[EXERCISE INPUT]

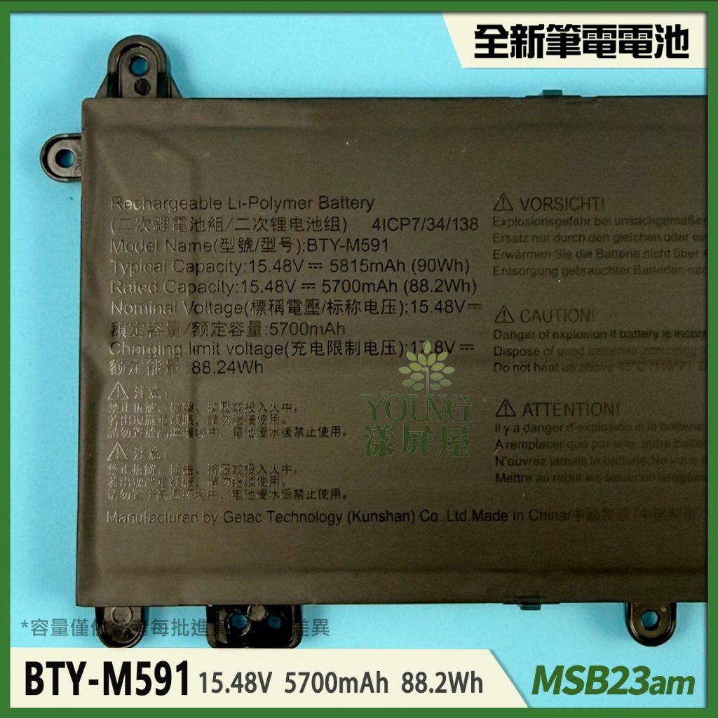 適用於 MSI 微星 Modern 15 F13MG MS15Q1 Katana 17 B13 MS17U1 /BTY-M591 筆電 電池
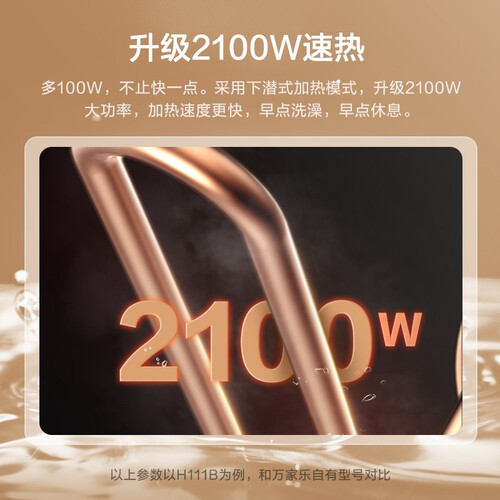 2100W大功率,热水随传随到。出水口隔热环设计,防烫耐高温。加厚致密保温层,保温性能好,长效锁温更省电。
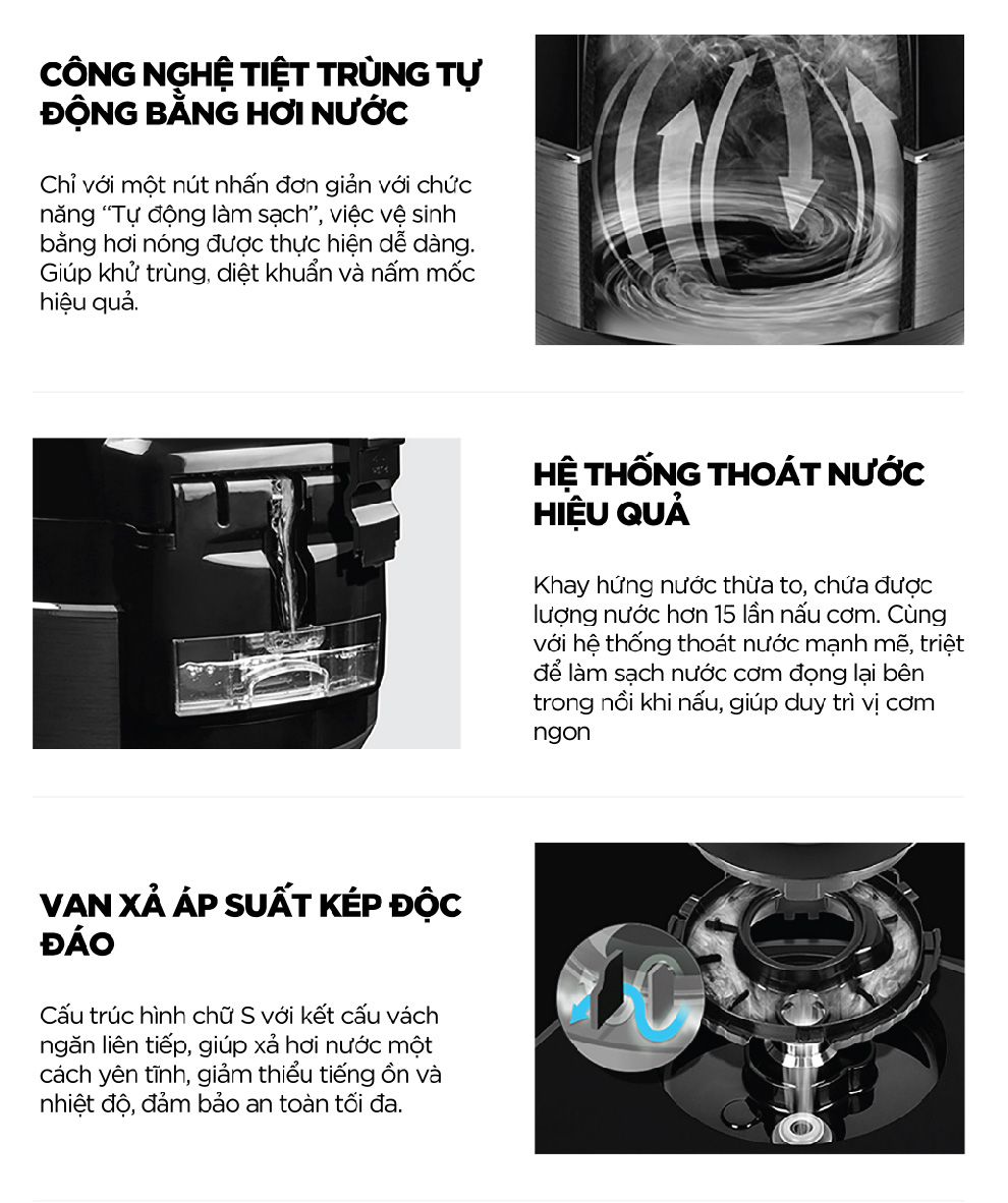 Chức năng này sẽ làm sạch bằng hơi nước và áp suất, khử sạch mùi hôi, vi khuẩn, cặn bẩn còn sót lại mà mắt thường không thể nhận biết cho nồi cơm điện sạch sẽ, bền tốt.
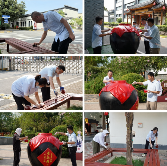 刷漆活动中,大家不惧高温、不畏酷暑,对厂区内景观凳、景观酒坛等进行打磨刷漆、翻新维护,想在前、做在前、干在前,深刻践行公司“三个人人”行为理念。
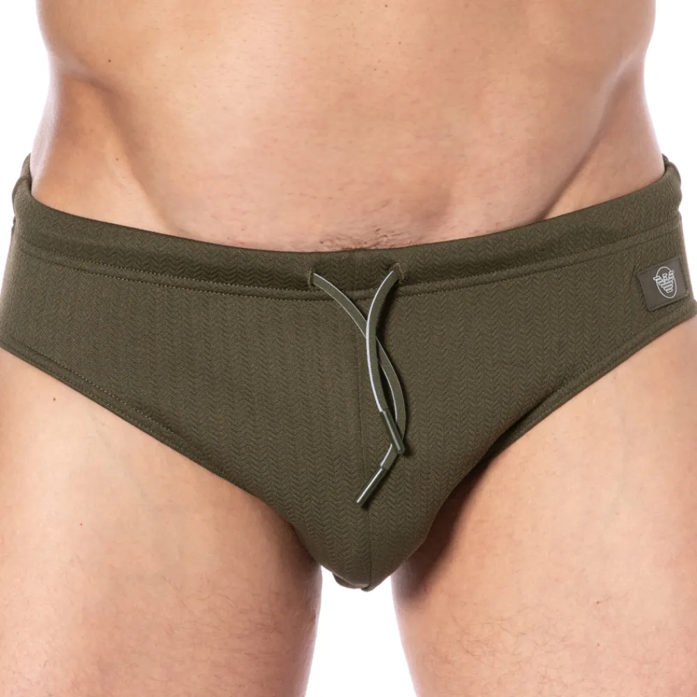 Emporio Armani Slips De Bain-Slip de Bain Satin Label Olive
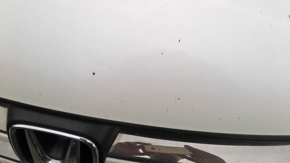 Забавная картинка. Родная краска осталась только на крыше и переднем правом крыле. Да, что хорошо, что стойки тоже в родной краске: хотя бы не было ДТП с тотальными последствиями.

[/EXERCISE INPUT]

◆ **ASSIGNED TASK**: The answer is the listing above repeated verbatim, minus its images.

◆ **OUTPUT OF THE TASK**:
 適用於 MSI 微星 Modern 15 F13MG MS15Q1 Katana 17 B13 MS17U1 /BTY-M591 筆電 電池
 2100W大功率,热水随传随到。出水口隔热环设计,防烫耐高温。加厚致密保温层,保温性能好,长效锁温更省电。
 Chức năng này sẽ làm sạch bằng hơi nước và áp suất, khử sạch mùi hôi, vi khuẩn, cặn bẩn còn sót lại mà mắt thường không thể nhận biết cho nồi cơm điện sạch sẽ, bền tốt.
 刷漆活动中,大家不惧高温、不畏酷暑,对厂区内景观凳、景观酒坛等进行打磨刷漆、翻新维护,想在前、做在前、干在前,深刻践行公司“三个人人”行为理念。
 Emporio Armani Slips De Bain-Slip de Bain Satin Label Olive
 Забавная картинка. Родная краска осталась только на крыше и переднем правом крыле. Да, что хорошо, что стойки тоже в родной краске: хотя бы не было ДТП с тотальными последствиями.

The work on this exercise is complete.